As a follow-up to our Payments Tech Talk at Groupon, I would like to go in more details over the performance work we have been working on and what you can expect in the next release.
Kill Bill is not designed to handle tens of thousands of requests per second. You won’t have that type of traffic, even if you are a large company. Think about it: customers don’t often create or change their subscriptions. Even in an e-commerce shopping cart scenario, the rate of checkout is fairly low: 10 payments per second of $10 already results in $8M per day or over $3B per year.
What we care about though is being able to support bursts: while you might typically handle 10 payments per minute, or even per hour, a limited-time promotion might result in 50 or 100 transactions per second for a period of a day or two. Additionally, we want to minimize latency. While the lower bound will eventually be dictated by the gateway, we want to optimize the overhead added by Kill Bill as it creates audit logs, checks the overdue status, moves the payment to the next state in its automaton, etc.
To do so, we regularly load test scenarii such as the following: create a new account, add a payment method and trigger a payment. This would simulate a new user going to your site and proceeding to the checkout page, which is what would typically happen during peak demand as described above. During and after the test, we extract various metrics. First, we look at data from the Kill Bill profiling framework, which gives us high-level insights on how much time is spent at the API, DAO, and plugin(s) layers. We also investigate at a lower granularity the rate of cache misses, time spent checking-out database connections, JVM health, etc.
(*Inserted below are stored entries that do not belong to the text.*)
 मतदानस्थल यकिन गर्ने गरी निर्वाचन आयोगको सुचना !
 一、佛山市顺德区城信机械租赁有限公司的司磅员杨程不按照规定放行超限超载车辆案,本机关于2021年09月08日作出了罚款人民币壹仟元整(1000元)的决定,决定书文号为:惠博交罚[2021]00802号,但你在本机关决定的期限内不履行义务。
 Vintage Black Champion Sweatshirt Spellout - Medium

Last year, we spent a few months before the 0.12.x release to analyze this data and we identified a few bottlenecks, especially around the JRuby stack. This is when we reached out to Karol Buček. Besides identifying and fixing issues in JRuby and Kill Bill, he improved his activerecord-bogacs gem to bypass the ActiveRecord pool and let us directly use the HikariCP OSGI pool that Kill Bill exports, which lead to better system stability and simplified production monitoring.
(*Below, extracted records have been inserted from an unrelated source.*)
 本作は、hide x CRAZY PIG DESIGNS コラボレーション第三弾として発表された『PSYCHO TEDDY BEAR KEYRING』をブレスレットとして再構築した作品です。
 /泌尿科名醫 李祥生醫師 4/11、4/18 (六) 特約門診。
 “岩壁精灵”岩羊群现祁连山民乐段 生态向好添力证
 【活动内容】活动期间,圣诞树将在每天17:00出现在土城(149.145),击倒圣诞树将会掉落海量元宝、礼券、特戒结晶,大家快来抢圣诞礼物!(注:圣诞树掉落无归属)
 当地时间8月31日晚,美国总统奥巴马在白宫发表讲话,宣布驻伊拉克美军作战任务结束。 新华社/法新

As we near the release of 0.14.x, we are currently integrating all of his changes (you can follow along here). We will likely wait for the release of activerecord-jdbc-adapter 1.4 and JRuby 1.7.20, as well as the merge of a couple of pull requests in
jdbi and Logback, before finalizing 0.14.0.
It is still too early for us to share graphs and numbers on the improvements you will get by upgrading to 0.14.0. I’m hoping we’ll be able to post an update in the next few months. In the meantime, you can take a look at Karol’s current findings here, as he has been running thousands of tests on EC2, using various Kill Bill and AWS configurations.
While we do our best to optimize the Kill Bill platform, it is ultimately your responsibility though to load test your Kill Bill deployment before going to production, as your hardware, set of plugins and overall configuration will greatly influence the numbers. In the same way we provide you with an integration test framework to verify the correctness of invoices and payments for your specific catalog configuration, we provide a load testing framework to test your workload. And it is even integrated with flood.io, so you can easily test it on a grid in the cloud.